3. What medication is considered first line for managing depression while a patient is breastfeeding?

a. * Zoloft
b. Buproprion
c. Fluoxetine
d. Lithium

Zoloft is a pregnancy category C-drug. However, zoloft is not orally bioavailable to infant through breastmilk. Reports state that Buproprion is associated with infant seizures. Fluoxetine may be associated with somnolence, fever, and hypotonia. Lithium is associated with hypotonia, hypothermia, and infant cyanosis.


4. All of the following are risk factors associated with postpartum depression except?

a. Lack of social support
b. Depression during pregnancy
c. Rapid hormone changes
d. Infant temperament
e. * None of the above

All of the above are considered risk factors for developing postpartum depression.


5. True or False? The “baby blues” is a normal phenomenon that affects 70% of all postpartum women and as such, it does not require a follow-up visit.

False—Up to 20% of women experiencing the baby blues can develop postpartum depression. Hence, they need to be followed.

1 comment:

  1. Multiple Sclerosis - CPT Ling
    1. Mrs. Smith comes in to see you and is concerned that her Multiple Sclerosis will be passed on to her baby if she gets pregnant. So you tell her:
    A. Your baby will get the disease as this is inheritable and you are the carrier
    B. There is no way your child can get the disease since it is not inheritable
    C. You will not be able to get pregnant since you have MS so it isn’t a concern
    D. There is a 15% chance that a relative of yours will have this disease, but it isn’t directly inheritable
    (A isn’t correct because MS is not directly inheritable, B isn’t correct because there is a 15% chance a relative will get MS, C isn’t correct as the disease doesn’t affect fertility)

    2) Mrs Smith wants to know what are risks to her from pregnancy regarding her life expectancy.
    A. There is an increase of 5-10 years in life expectancy from pregnancy
    B. There is no decrease in life expectancy from pregnancy
    C. There is 5-10 year decrease in life expectancy from pregnancy
    D. There is 10-20 year decrease in life expectancy from pregnancy
    (A,C & D are incorrect as there is no change to life expectancy r/t pregnancy in MS pts)

    3.) Mr. Jones wants to know if having MS will lower his chances for getting his wife pregnant.
    A. He is infertile from the MS and will not be able to have children
    B. MS will not effect his fertility
    C. There is a 50% decrease in his fertility
    D. He can have his sperm frozen for the future as he will slowly become infertile
    (A,C & D are incorrect as MS does not effect fertility directly)

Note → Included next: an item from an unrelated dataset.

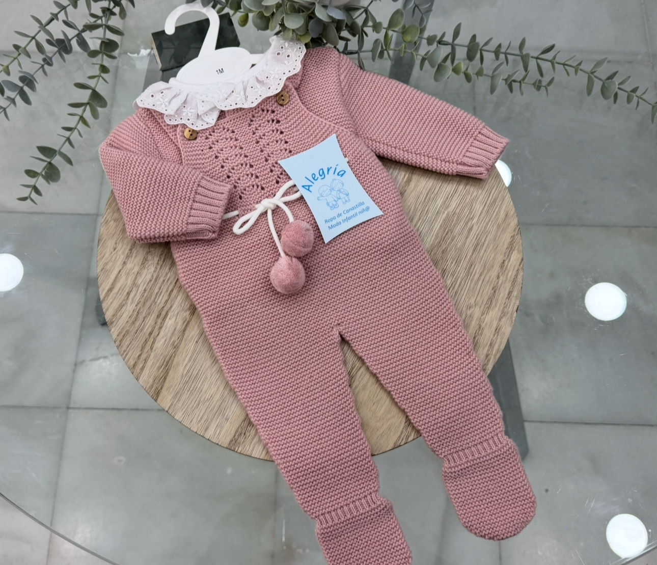 Baton largo con capota modelo plumeti talla 0/3 rosa

    4) Mr. Jones understand his fertility will not be effected but wants to know how it will effect his sex life
    A. There can be no effect on sexual function related to MS
    B. He will never be able to have sex due to the MS side effects
    C. There can be side effects as the disease progresses that can interfere with sexual function.
    D. His spouse can contract the disease from him so he should not have sex
    (A,B & D are incorrect as the patient gets lesions they can interfere with sexual function and so can the medications. Also his spouse cannot contract the disease from him as it is not sexually transmitted)

    5) Mrs. Smith wants to know if she should use contraceptives and if so what type.
    A. She does not need to use contraceptives as she can not get pregnant
    B. She should use contraceptives, but only condoms as she does not want to upset her hormone levels
    C. She should use contraceptives, but only estrogen only pills as they will lower her risk of MS overall
    D. She should use contraceptives and can use any type that she feels will work for her based upon the rest of her risk factors and ability to use the contraceptive.
    (A,B & C are incorrect as there is no effect on fertility. Hormone levels do not effect her MS and the estrogen only pills do not lower MS risk overall.)